Dari sisi perubahan iklim, alih fungsi lahan berperan 18 persen dalam emisi gas rumah kaca. Untuk mengeremnya, Indonesia menyiapkan mekanisme pengurangan emisi melalui pencegahan kerusakan hutan dan deforestasi (REDD+). Selanjutnya, arah REDD+ itu pada perdagangan karbon.
”Hal ini tidak mudah karena REDD+ adalah sesuatu yang baru di dunia.
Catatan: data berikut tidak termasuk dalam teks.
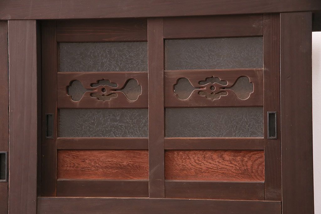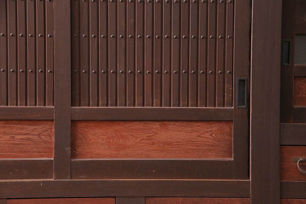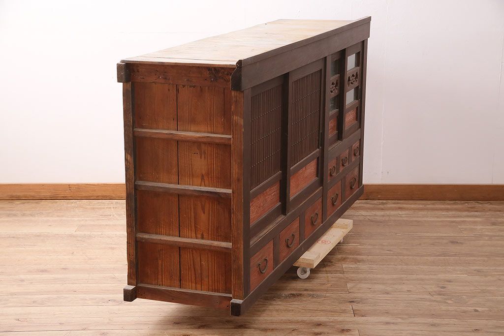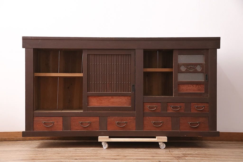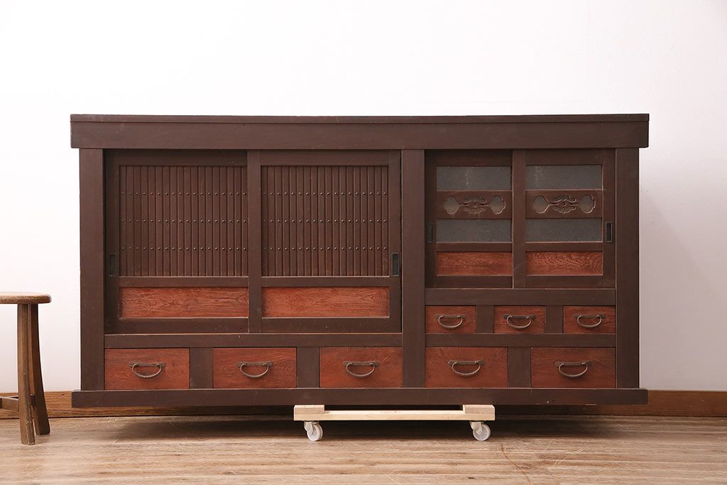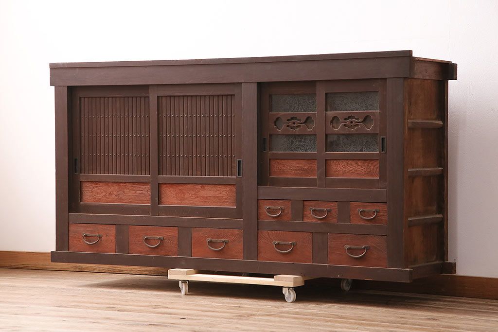 和製アンティーク 前面ヒノキ材・ケヤキ材 関西水屋 上品な和の雰囲気づくりにおすすめな収納棚(水屋箪笥、戸棚、サイドボード)(R-047907)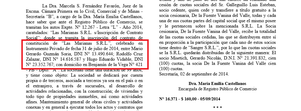 La Dra. Marcela S. Fernández Favarón, Juez de la Excma. Cámara Primera en lo Civil, Comercial y de Minas -Secretaría “B”, a cargo de la Dra. María Emilia Castellanos, hace saber que ante el Registro Público de Comercio, se tramitan los autos Expte. N° 12.267-Letra “L” -Año 2014, caratulados: “Las Marianas S.R.L. s/Inscripción de Contrato Social”; donde se tramita la inscripción del contrato de constitución de “Las Marianas S.R.L.”, celebrado en Instrumento Privado de fecha 31 de julio de 2014, entre Mario Gerardo Guzmán Soria, DNI N° 13.490.644; Rodolfo Cruz Zalazar, DNI N° 14.616.587 y Hugo Eduardo Vidable, DNI N° 23.352.767; con domicilio en Benjamín de la Vega N° 421 -PB -Dpto. “A”.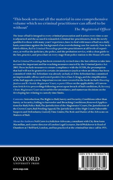 The question of bail arises every time a case is adjourned and the accused is remanded. This key text provides a uniquely comprehensive account of the law, practice, and procedure governing bail at every stage in an action from the police station to the House of Lords. It includes the relevant legislation and procedural rules, case law, and also offers guidance on ethics as well as research findings in this area. This new edition has been completely updated to take account of major changes introduced by the forthcoming Criminal Justice Act.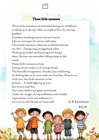 14Those littlemomentsThoselittlemomentswecherishedduringourchildhoodLookingupattheskywhenanairplaneflewby,wavinggoodbye. Grandmasneakingmoneyintoourhands,Likewewerepartofasecretmafiaplan.Thoselittlemomentswhentheworldfeltbeneathourfeet%u2014Dadgivinguspiggybackrides,Wakingupinbed,notknowinghowwegotthere, Becausewerememberfallingasleeponthecouch.Thoselittlemomentsofjoy,Eatingcottoncandy,asiftastingclouds,TheboundlesshappinessaKinderJoycouldbring,OrfeelinglikeanF1racerwithourfirstHotWheelscar.Andnow,thislittlemomentinthepresent%u2014Asmilelightingupyourfaceasyoureadthis.Ourinnerchildisnotgone,justburied,Undertheweightofresponsibilitiesandworldlyexpectations. Let%u2019s not suffocate it%u2014Let%u2019sreviveandcherishourinnerself.ARKeerthanaECE-13

REDD+ memang tidak cukup cepat dan tidak cepat berdampak pada ekonomi, Namun, inilah salah satu cara menyelamatkan Bumi,” ucapnya.
Direktur Eksekutif Asosiasi Pengusaha Hutan Indonesia Nanang Roffandi Ahmad mengatakan, pengusaha membutuhkan pendanaan untuk melindungi areal konsesi yang juga menjadi hunian orangutan. ”Kalau menggantungkan, REDD+ itu tidak jelas uangnya kapan akan turun. Kami butuh investasi sekarang dan pasti,” ucapnya.